You can simplify and speed up your approach with a little bit of redundancy.

---

The board cells should only contain 2 types of values - a number or a special value indicating that the value still needs to be determined. This way you can quickly find all cells that haven't been determined yet.

At the same time, keep a set of possible values

• per row
• per column
• per cell

all initialised with all possible values (1 to 9) when creating a blank board.

---

Create a procedure that sets a cell's value (used either when initially reading a board from an external format, or when you found a value to set, and make sure that

• you set the cell's value on the board
• remove that value from the row's set of values
• remove that value from the column's set of values
• clear the cells set of possible value (optional)

---

Iterate over the board (I call this "pass 1"), and for each cell that hasn't been determined yet, compute the set intersection of row, column and cell. If there's only one value left you're good, use the previously described procedure. If no value is left the board is unsolvable. There's no difference between "naked single" and "hidden single".
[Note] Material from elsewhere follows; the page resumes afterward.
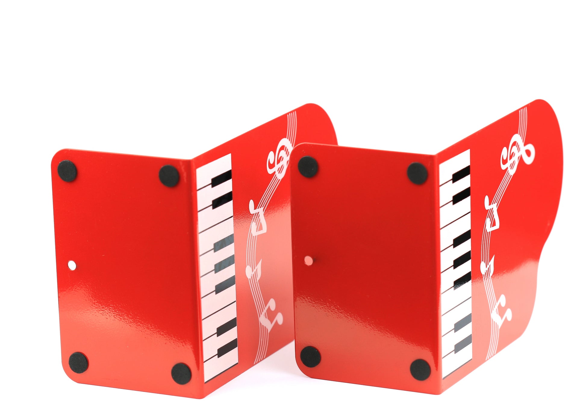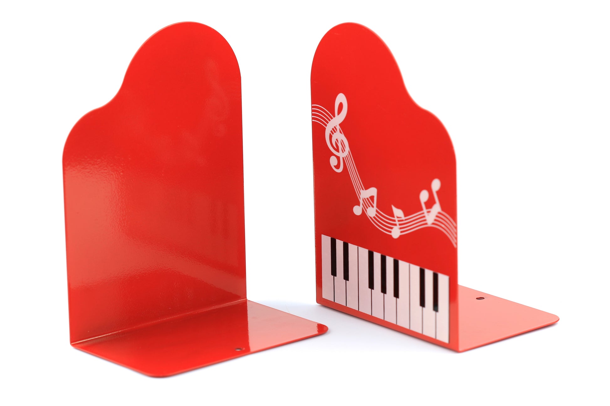 Heavy duty red metal music notation piano keyboard design bookends. Beautifully designed grand piano shaped bookends with musical notation and a piano keyboard design printed on the outside of both bookends.

Iterate until you made on pass and didn't find anything.

Keep the number of cells to be determined, and decrement whenever you set a cell to a certain value. This way you will know when the board has been solved.

---

Many Sudoku puzzles can be solved this way, but for some you need a "pass 2" where you recursively try all values for one cell and see if that helps you find the other ones. Whenever you "try" one value, fall back to pass 1, that will be quicker. Be aware that you need to make copies of your board in pass 2 where the copy shares no structure with the original.